● ABOUT THIS TASK: Leave out the pictures and output exactly the lines below from the one with "So why are we" down to the one with "На сегодняшний день", both of them included.

● DATA EXCERPT:
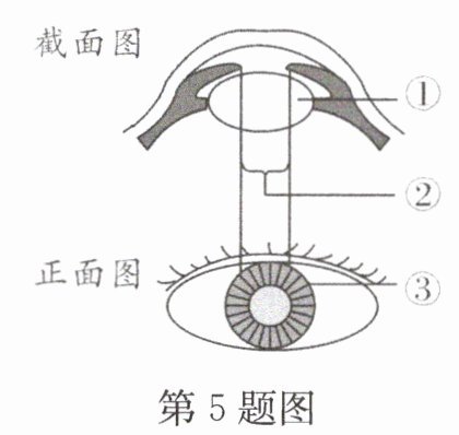 5. 眼睛的正面和截面結構如圖所示,下列相關說法錯誤的是(
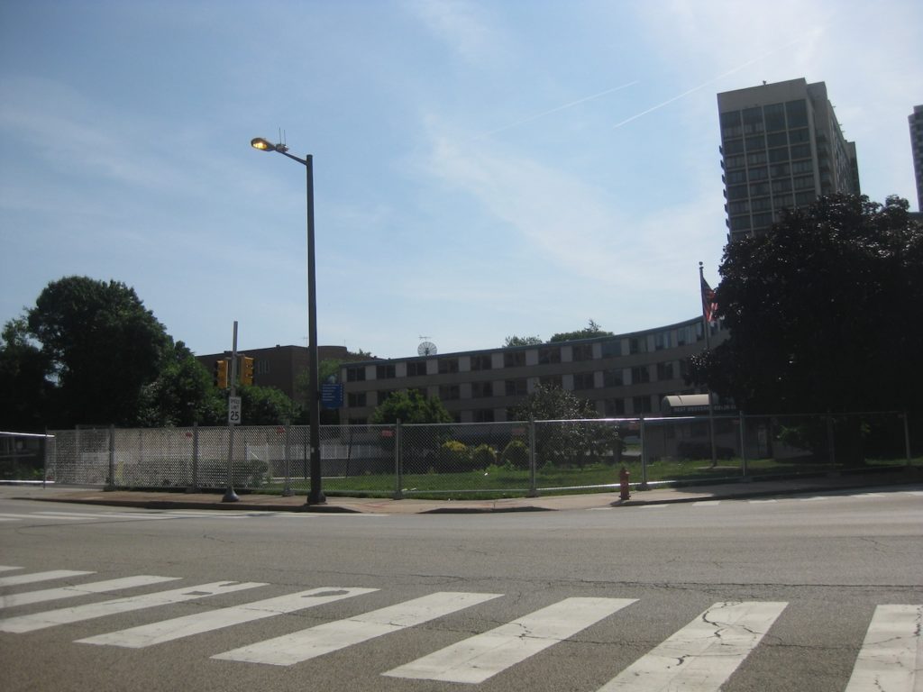 So why are we bringing up this project today of all days? Well, a reader was kind enough to tip us off that a construction fence recently appeared around the doomed Best Western Hotel.
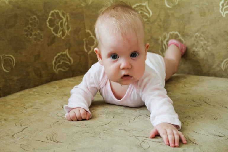 На сегодняшний день Есения лентяйка! :))) Я очень жду, что она начнет вставать на вытянутые ручки, но фиг... За то шикарно поднимает попу ноги под себя подгребает и вертит пятой точкой!
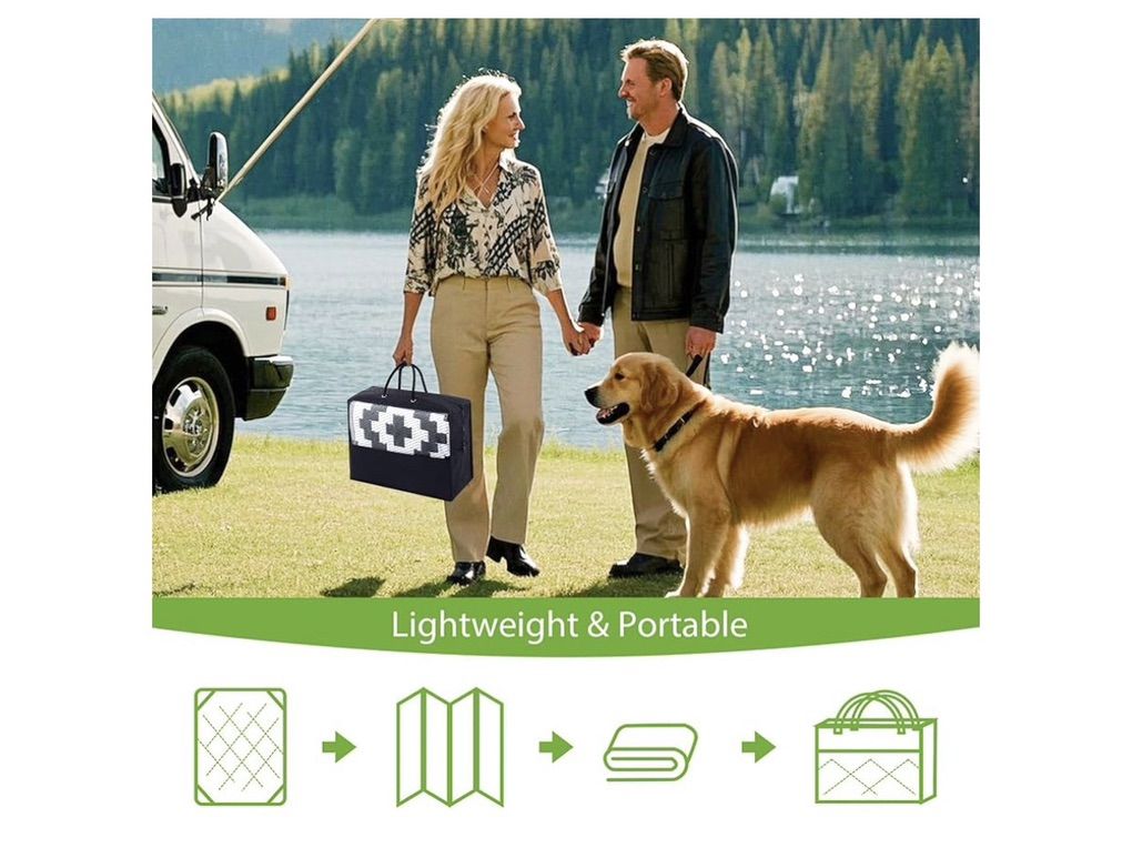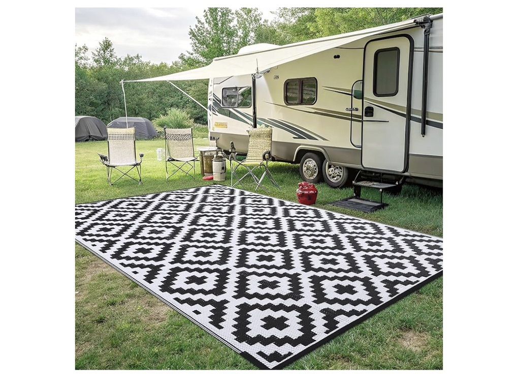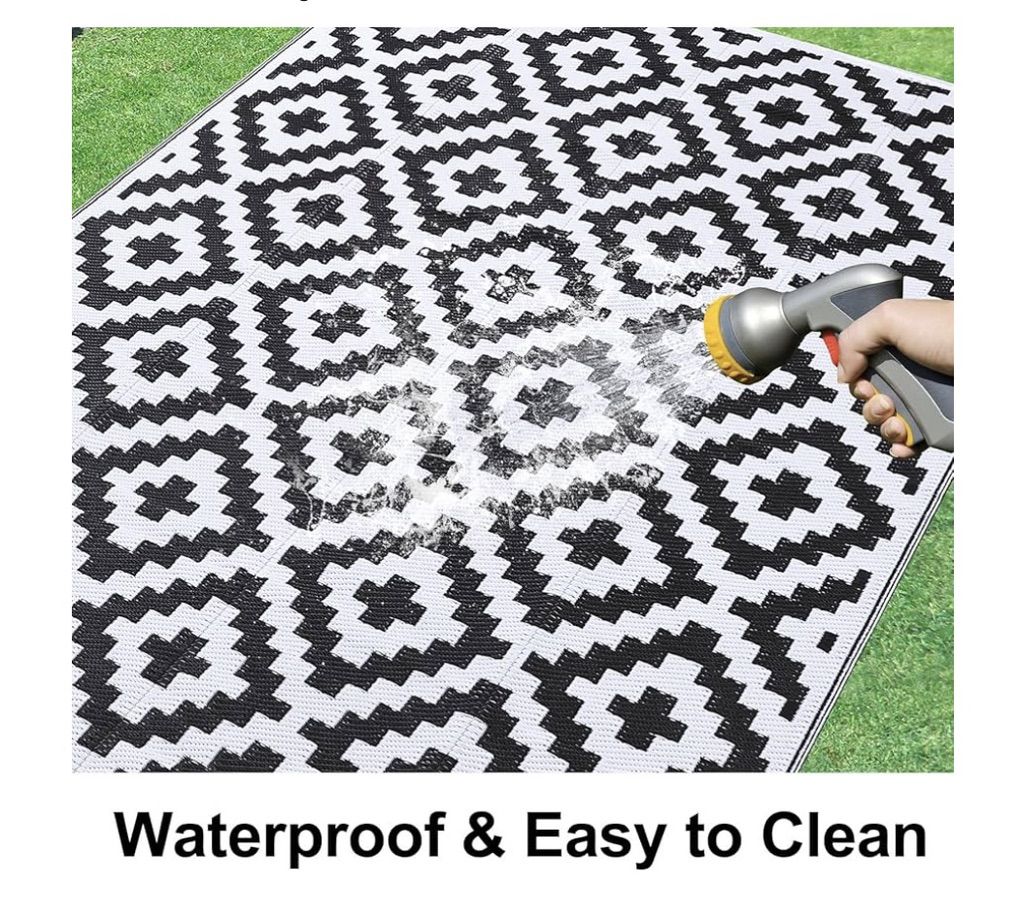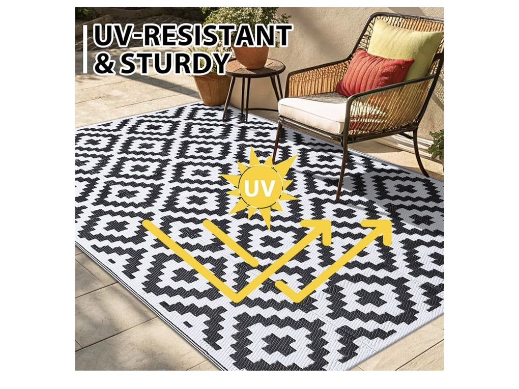 VenmoSmiry Waterproof Outdoor Rug 8x10 ft, Reversible Plastic Straw Patio Camping Rugs, Outdoor Indoor RV Mat Carpet for Patio, Outside Entry, Backyard, Deck, Bench, Picnic, Camper, Black & White. New. $60

● SOLUTION FOR THIS EXERCISE:
 So why are we bringing up this project today of all days? Well, a reader was kind enough to tip us off that a construction fence recently appeared around the doomed Best Western Hotel.
 На сегодняшний день Есения лентяйка! :))) Я очень жду, что она начнет вставать на вытянутые ручки, но фиг... За то шикарно поднимает попу ноги под себя подгребает и вертит пятой точкой!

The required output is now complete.